Infusion Reactions: In clinical trials, infusion reactions (infusion-related reactions) were common (1.6%). They were mild to moderate in severity and transient (e.g., lower back pain, abdominal pain, muscle spasms, drop in blood pressure, elevation in blood pressure, rigors, limb discomfort, drug hypersensitivity [allergic reaction], dysgeusia [bad taste], and drowsiness). These reactions did not require discontinuation of ULTOMIRIS.
Reporting of Suspected Adverse Reactions: Reporting suspected adverse reactions after authorization of the medicinal product is important. It allows continued monitoring of the benefit/risk balance of the medicinal product. Healthcare professionals are asked to report any suspected adverse reactions via their national reporting system.
Pediatric Population: In children and adolescent PNH patients (aged 9 to 17 years old) included in the pediatric PNH Study (ALXN1210-PNH-304), the safety profile of ULTOMIRIS was consistent with that observed in adult PNH patients. The most common adverse reaction reported in pediatric PNH patient was abdominal pain and nasopharyngitis.
In pediatric aHUS patients (aged 10 months to 17 years old) included in Study ALXN1210-aHUS-312, the safety profile of ULTOMIRIS was consistent with that observed in adult patients with evidence of aHUS. The safety profile was also consistent for pediatric patients in the different age-group subsets.
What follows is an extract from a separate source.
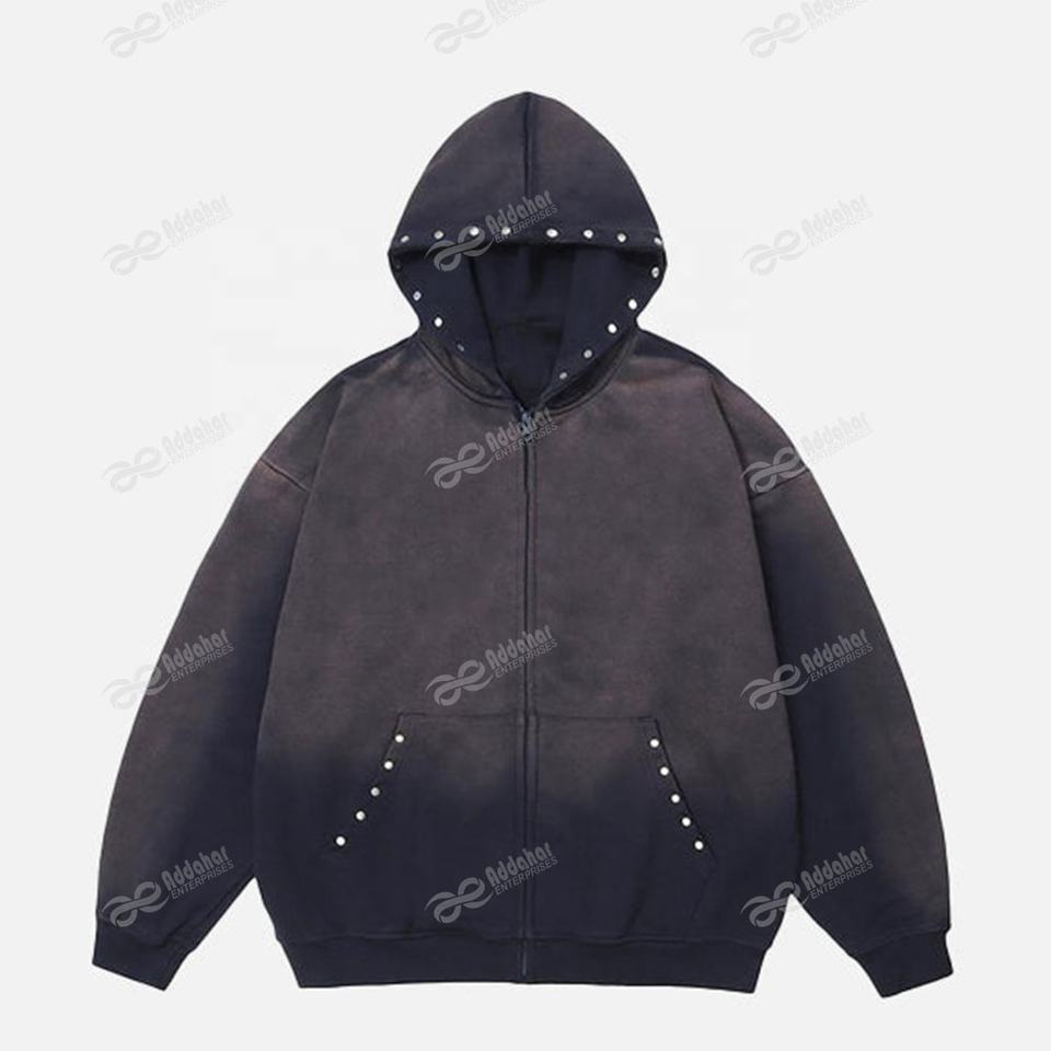 Custom Manufacturer Sun Faded Embroidery Zipper French Terry Street Wear Acid Wash Men Zip up Heavyweight Rhinestone Hoodie

The safety data for patients below 2 years of age are limited to four patients. The most common adverse reaction reported in pediatric patients was pyrexia.
ULTOMIRIS has not been evaluated in pediatric patients with gMG.
Geriatric Population: No overall differences in safety were reported between elderly (≥ 65 years) and younger patients (< 65 years) with ULTOMIRIS.